| Task |
All of the data, word for word and free of pictures, is the expected result.

** Opening Data for this exercise block **

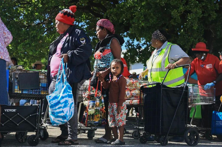 美国民众排队领取食品银行发放的食品。图源央视新闻
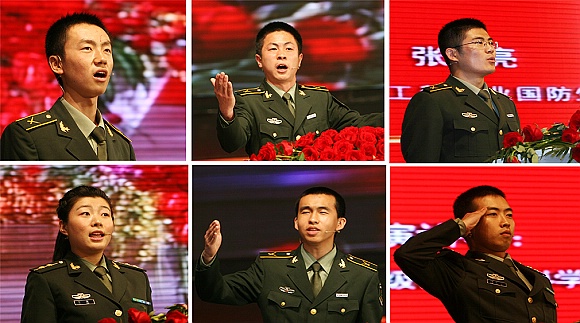 接着,六名优秀的北京理工大学国防生同学围绕“当代革命军人核心价值观”主题,开始了激情澎湃的演讲。这六位国防生中,两名是大一学生,两名大三学生,一名在读博士生,还有作为北京理工大学07届国防生毕业的、即将参加建国60周年庆典阅兵式方阵的一名基层青年军官。他们充满感情地讲述了自己从身为国防生那刻起,所深深感受到的责任和使命;表达了作为一名未来的革命战士,要坚定信念跟党走,永远忠诚于党的决心;他们动情地回顾了解放前红军、八路军战士热爱人民的高尚精神和08年四川震灾中救灾部队的感人表现;详述了通过学校开展的“当代革命军人核心价值观”主题教育活动,自己思想上得到的巨大升华。他们向在场所有国防生发出倡议:作为新时代国防生,要认真领会五四青年节胡锦涛主席在中国农大的谈话精神,努力学习,把爱国精神落实到日常学习和生活中去,从帮助、关怀身边人做起,以一名革命战士的标准严格要求自己,为祖国和人民的利益奉献自己的一切。
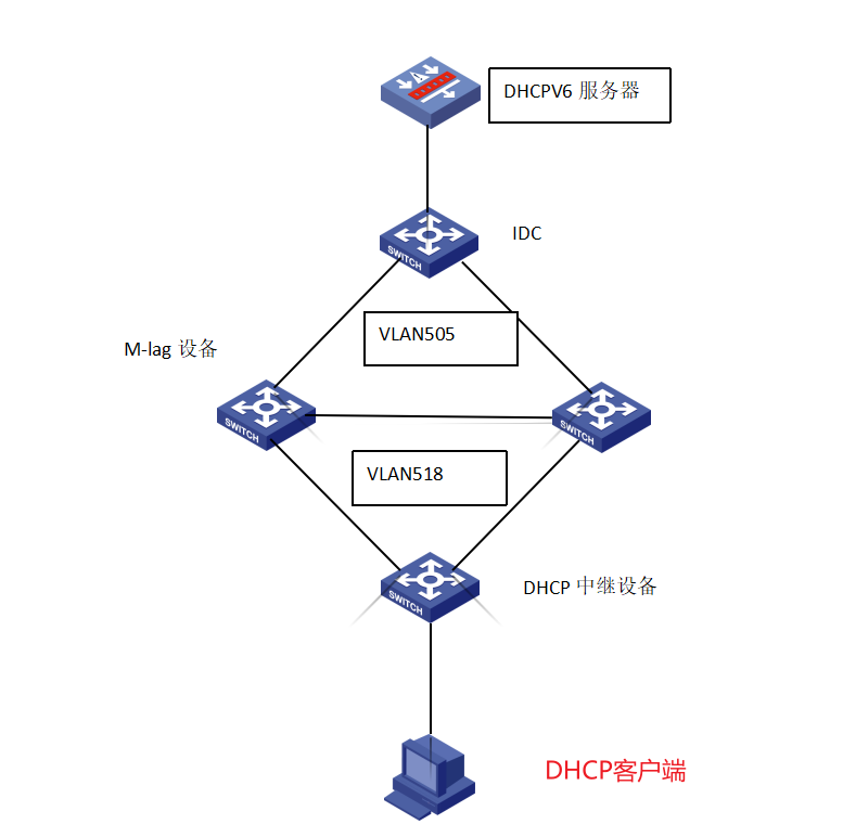 网络拓扑如上,其中m-lag双活ipv6地址上连使用vlan505做ospfv3对接idc侧将dhcpv6服务器的路由引入发给m-lag,下行使用静态路由使得去dhcpv6客户端网关路由可达并将静态引入发给idc,使dhcpv6服务器侧到达终端网关可达。路由部署完成,但dhcpv6终端无法获取到地址。
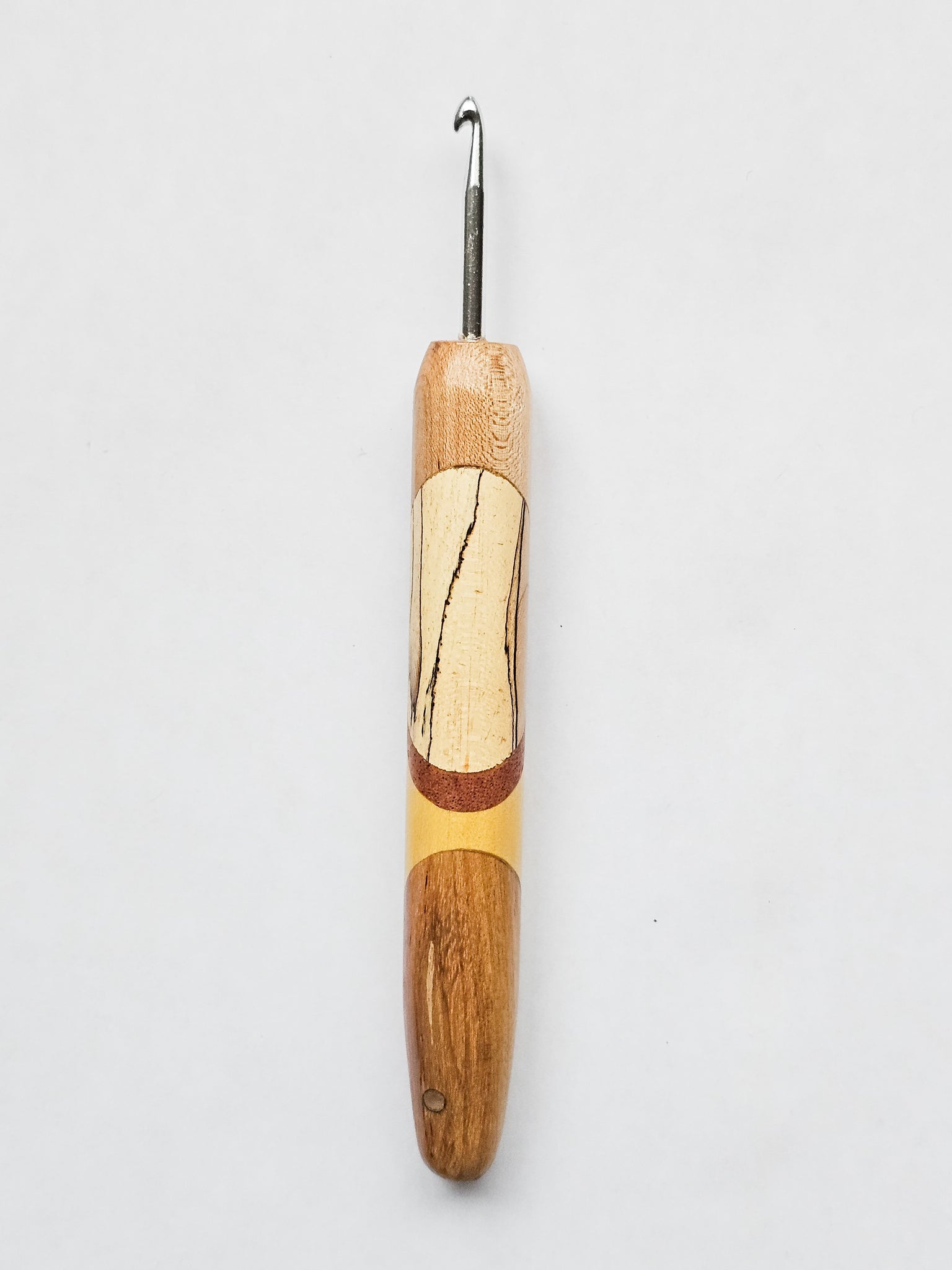 04.00mm Maple + Spalted Maple + Sapele + Yellowheart + Canary Art Deco Metal Crochet Hook (Item #187)
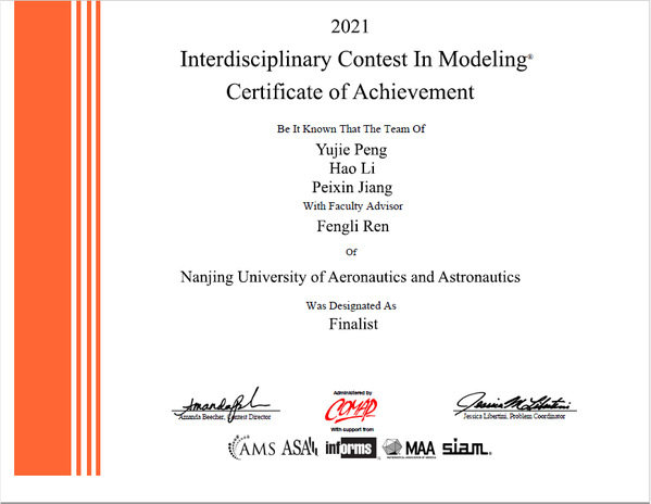 近日,2021年美国大学生数学建模竞赛(MCM)和交叉学科竞赛(ICM)的获奖名单公布,ac米兰一共获得5项特等奖提名奖(Finalist),其中,由任凤丽老师指导的团队获得在ICM竞赛中获得1项特等奖提名奖(Finalist),这是ac米兰首次在ICM竞赛中获得Finalist奖;由廖洪林、唐与聪和孙加亮老师指导的团队在MCM竞赛中获得4项特等奖提名奖(Finalist)。此外,还获得一等奖(Meritorious Winner)7项,二等奖(Honorable Mention)20项。
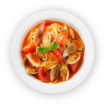 - 鍋を熱し、オリーブ油を入れ、千切りした玉ねぎ、あさり、ざく切りしたトマトを加え、あさりの殻が開き始めるまで炒める。
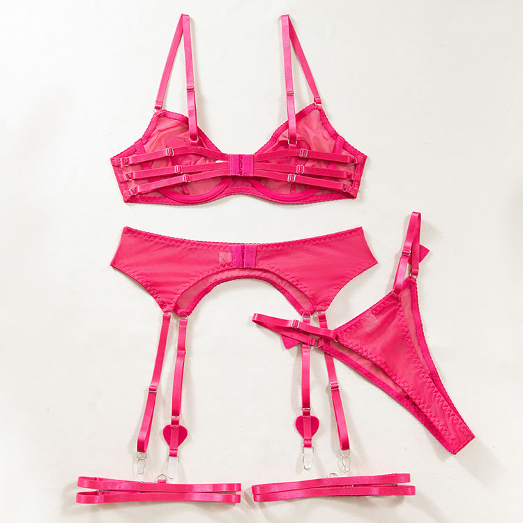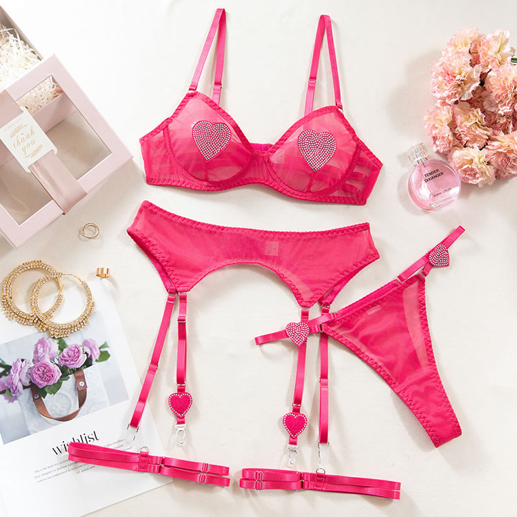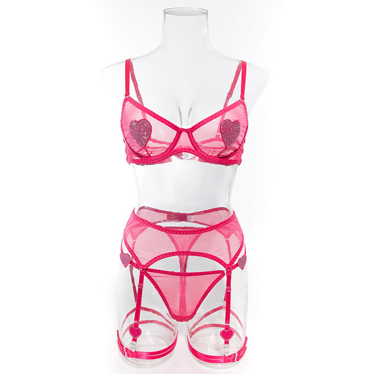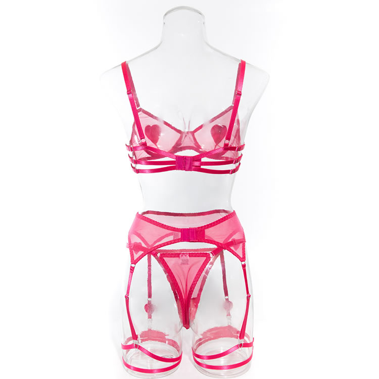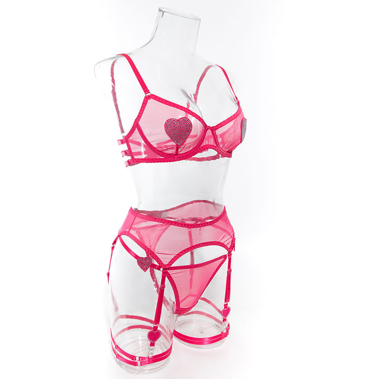 Embrace a playful and vibrant look with this pink heart lingerie set. The sheer fabric is adorned with sparkling heart embellishments that add a touch of whimsy and charm. The bra features delicate mesh trim and supportive design, while the matching garter belt and panties offer both style and comfort. Perfect for those who want to feel confident and fun.

** Closing Data for this exercise block **

| Answer box |
 美国民众排队领取食品银行发放的食品。图源央视新闻
 接着,六名优秀的北京理工大学国防生同学围绕“当代革命军人核心价值观”主题,开始了激情澎湃的演讲。这六位国防生中,两名是大一学生,两名大三学生,一名在读博士生,还有作为北京理工大学07届国防生毕业的、即将参加建国60周年庆典阅兵式方阵的一名基层青年军官。他们充满感情地讲述了自己从身为国防生那刻起,所深深感受到的责任和使命;表达了作为一名未来的革命战士,要坚定信念跟党走,永远忠诚于党的决心;他们动情地回顾了解放前红军、八路军战士热爱人民的高尚精神和08年四川震灾中救灾部队的感人表现;详述了通过学校开展的“当代革命军人核心价值观”主题教育活动,自己思想上得到的巨大升华。他们向在场所有国防生发出倡议:作为新时代国防生,要认真领会五四青年节胡锦涛主席在中国农大的谈话精神,努力学习,把爱国精神落实到日常学习和生活中去,从帮助、关怀身边人做起,以一名革命战士的标准严格要求自己,为祖国和人民的利益奉献自己的一切。
 网络拓扑如上,其中m-lag双活ipv6地址上连使用vlan505做ospfv3对接idc侧将dhcpv6服务器的路由引入发给m-lag,下行使用静态路由使得去dhcpv6客户端网关路由可达并将静态引入发给idc,使dhcpv6服务器侧到达终端网关可达。路由部署完成,但dhcpv6终端无法获取到地址。
 04.00mm Maple + Spalted Maple + Sapele + Yellowheart + Canary Art Deco Metal Crochet Hook (Item #187)
 近日,2021年美国大学生数学建模竞赛(MCM)和交叉学科竞赛(ICM)的获奖名单公布,ac米兰一共获得5项特等奖提名奖(Finalist),其中,由任凤丽老师指导的团队获得在ICM竞赛中获得1项特等奖提名奖(Finalist),这是ac米兰首次在ICM竞赛中获得Finalist奖;由廖洪林、唐与聪和孙加亮老师指导的团队在MCM竞赛中获得4项特等奖提名奖(Finalist)。此外,还获得一等奖(Meritorious Winner)7项,二等奖(Honorable Mention)20项。
 - 鍋を熱し、オリーブ油を入れ、千切りした玉ねぎ、あさり、ざく切りしたトマトを加え、あさりの殻が開き始めるまで炒める。
 Embrace a playful and vibrant look with this pink heart lingerie set. The sheer fabric is adorned with sparkling heart embellishments that add a touch of whimsy and charm. The bra features delicate mesh trim and supportive design, while the matching garter belt and panties offer both style and comfort. Perfect for those who want to feel confident and fun.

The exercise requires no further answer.